═══ INPUT MATERIAL ═══

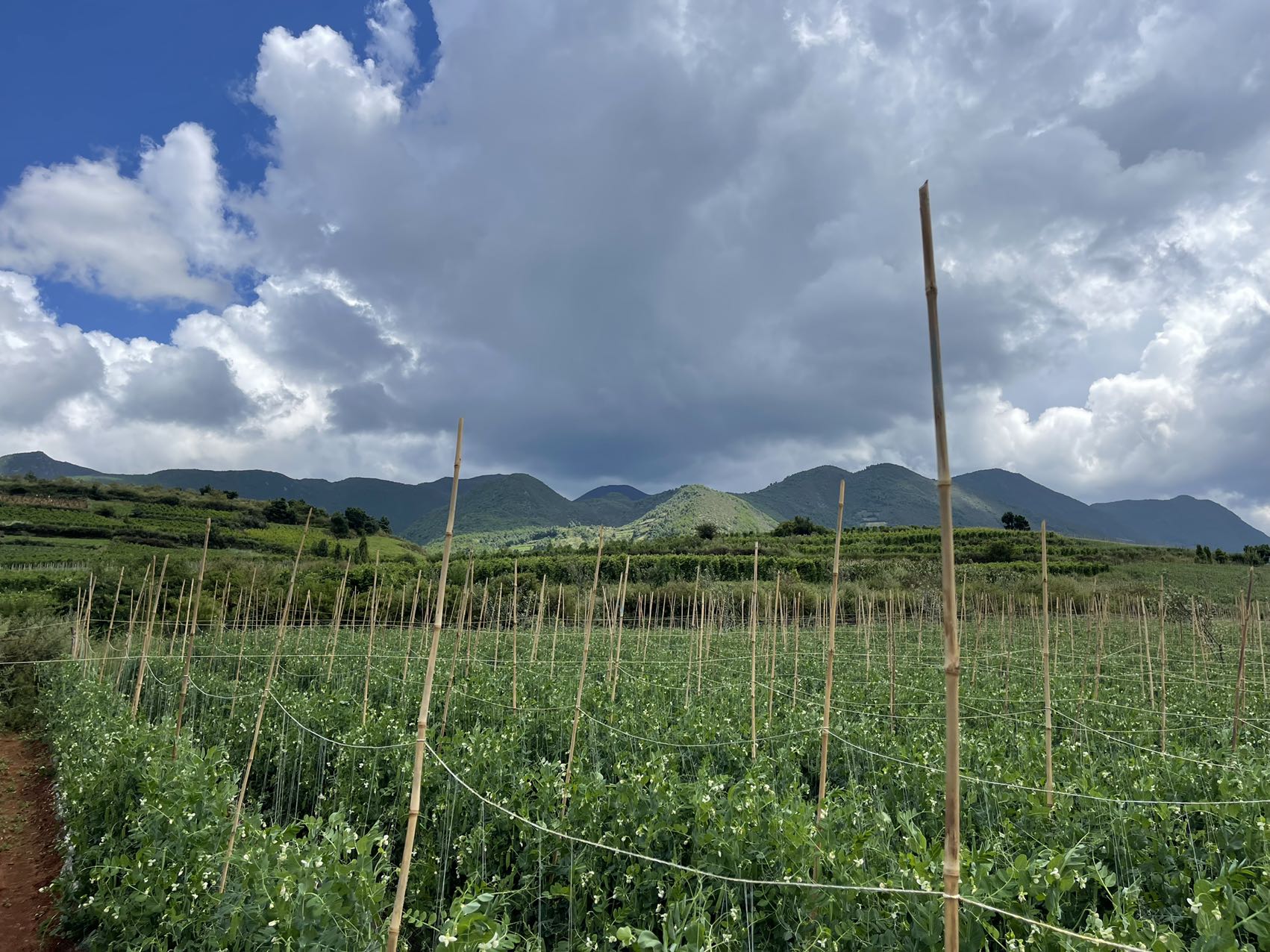 宾川位于云南省西部,金沙江南岸干热河谷地区是全国有名的柑橘之乡、葡萄之乡。宾川资源丰富,有得天独厚的热区资源优势。光照充足,热量丰沛,适合经济作物生长。在每年的7、8月份,葡萄结束后农户都会在葡萄地里套种上豌豆,充分利用资源让我们在寒冷的冬天就能吃到属于春天的味道。农户也提高了收益我们也能有新鲜蔬菜可以供给。
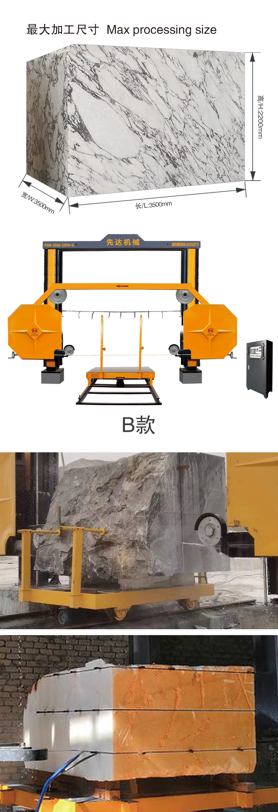 本機采用PLC控制,立柱兩端采用絲桿傳動結(jié)構(gòu),并通過中間傳動實現(xiàn)同步升降,加工穩(wěn)定,效率高,是大理石、花崗巖開料加工的理想設(shè)備。
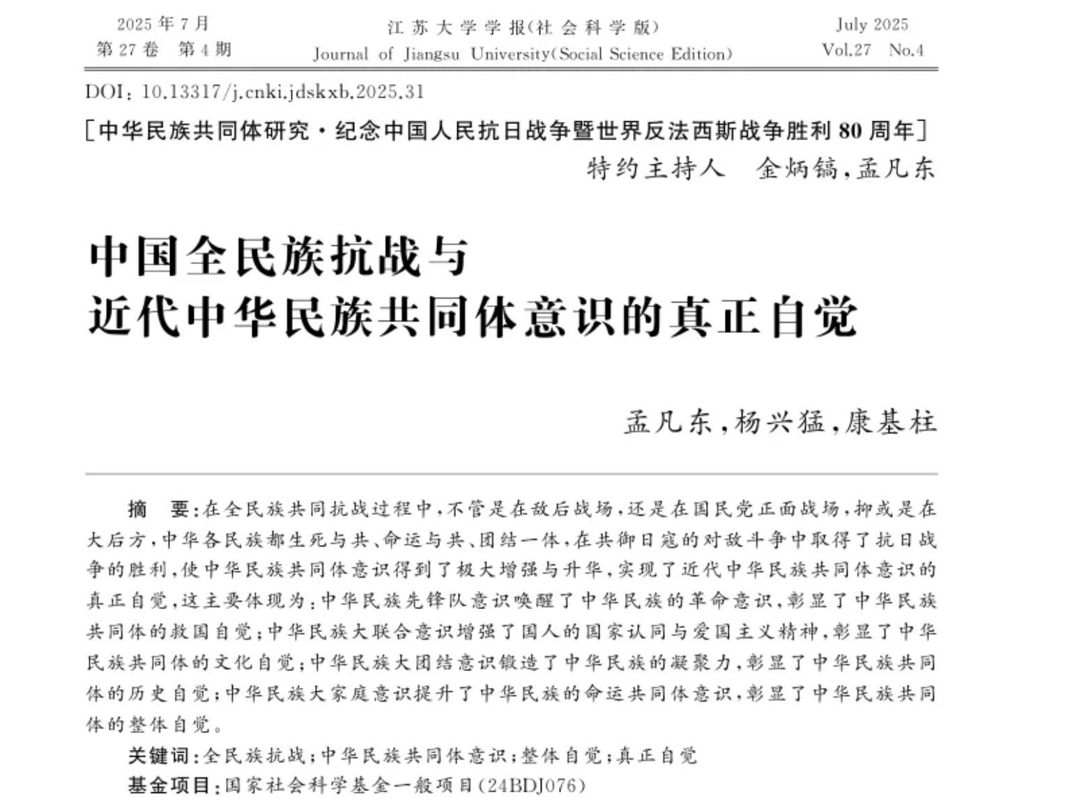 孟凡东教授、康基柱教授等在《江苏大学学报(社会科学版)》第4期的《中华民族共同体研究·纪念中国人民抗日战争暨世界反法西斯战争胜利80周年》的专题文章:《中国全民族抗战与近代中华民族共同体意识的真正自觉》。文章着力从纵向时间维度论证近代中华民族共同体意识真正自觉的历史生成,从内在系统结构论证整体自觉的要素构成,尝试呈现“中华民族共同体意识整体自觉”的真正内在逻辑与外部表征,进而全面明晰抗日战争时期中华民族共同体意识的基本要素和结构内容。在全民族共同抗战过程中,不管是在敌后战场,还是在国民党正面战场,抑或是在大后方,中华各民族都生死与共、命运与共、团结一体,在共御日寇的对敌斗争中取得了抗日战争的胜利,使中华民族共同体意识得到了极大增强与升华,实现了近代中华民族共同体意识的真正自觉,这主要体现为:中华民族先锋队意识唤醒了中华民族的革命意识,彰显了中华民族共同体的救国自觉;中华民族大联合意识增强了国人的国家认同与爱国主义精神,彰显了中华民族共同体的文化自觉;中华民族大团结意识锻造了中华民族的凝聚力,彰显了中华民族共同体的历史自觉;中华民族大家庭意识提升了中华民族的命运共同体意识,彰显了中华民族共同体的整体自觉。
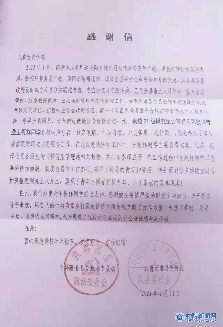 王振祥同学在志愿服务中的出色表现受到了家乡领导的充分肯定,服务结束后,中共淇县政法委和共青团淇县委员会向公司寄送了一封感谢信,对王振祥同学勇于担当、甘于奉献的精神高度赞扬,同时对物院学子高度的社会责任感和使命感高度肯定。谈及在家乡疫情防控中的表现,王振祥说这是他作为一名物院青年学子应该有的对社会对家乡的一份责任感,每一个青年学子都会积极响应习近平总书记的嘱托,让青春在党和人民最需要的地方绽放绚丽之花。
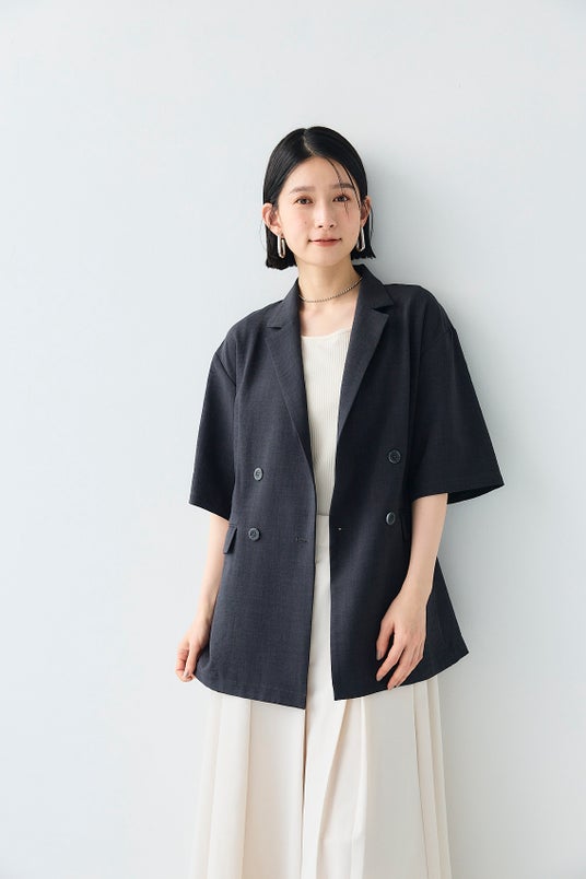 《シワになりにくい》サマナチュラ リネンライクハーフスリーブテーラードジャケット

═══

■ **TO DO**: Each entry above should be returned exactly as written, minus its pictures.

■ **WRITTEN REPLY**:
 宾川位于云南省西部,金沙江南岸干热河谷地区是全国有名的柑橘之乡、葡萄之乡。宾川资源丰富,有得天独厚的热区资源优势。光照充足,热量丰沛,适合经济作物生长。在每年的7、8月份,葡萄结束后农户都会在葡萄地里套种上豌豆,充分利用资源让我们在寒冷的冬天就能吃到属于春天的味道。农户也提高了收益我们也能有新鲜蔬菜可以供给。
 本機采用PLC控制,立柱兩端采用絲桿傳動結(jié)構(gòu),并通過中間傳動實現(xiàn)同步升降,加工穩(wěn)定,效率高,是大理石、花崗巖開料加工的理想設(shè)備。
 孟凡东教授、康基柱教授等在《江苏大学学报(社会科学版)》第4期的《中华民族共同体研究·纪念中国人民抗日战争暨世界反法西斯战争胜利80周年》的专题文章:《中国全民族抗战与近代中华民族共同体意识的真正自觉》。文章着力从纵向时间维度论证近代中华民族共同体意识真正自觉的历史生成,从内在系统结构论证整体自觉的要素构成,尝试呈现“中华民族共同体意识整体自觉”的真正内在逻辑与外部表征,进而全面明晰抗日战争时期中华民族共同体意识的基本要素和结构内容。在全民族共同抗战过程中,不管是在敌后战场,还是在国民党正面战场,抑或是在大后方,中华各民族都生死与共、命运与共、团结一体,在共御日寇的对敌斗争中取得了抗日战争的胜利,使中华民族共同体意识得到了极大增强与升华,实现了近代中华民族共同体意识的真正自觉,这主要体现为:中华民族先锋队意识唤醒了中华民族的革命意识,彰显了中华民族共同体的救国自觉;中华民族大联合意识增强了国人的国家认同与爱国主义精神,彰显了中华民族共同体的文化自觉;中华民族大团结意识锻造了中华民族的凝聚力,彰显了中华民族共同体的历史自觉;中华民族大家庭意识提升了中华民族的命运共同体意识,彰显了中华民族共同体的整体自觉。
 王振祥同学在志愿服务中的出色表现受到了家乡领导的充分肯定,服务结束后,中共淇县政法委和共青团淇县委员会向公司寄送了一封感谢信,对王振祥同学勇于担当、甘于奉献的精神高度赞扬,同时对物院学子高度的社会责任感和使命感高度肯定。谈及在家乡疫情防控中的表现,王振祥说这是他作为一名物院青年学子应该有的对社会对家乡的一份责任感,每一个青年学子都会积极响应习近平总书记的嘱托,让青春在党和人民最需要的地方绽放绚丽之花。
 《シワになりにくい》サマナチュラ リネンライクハーフスリーブテーラードジャケット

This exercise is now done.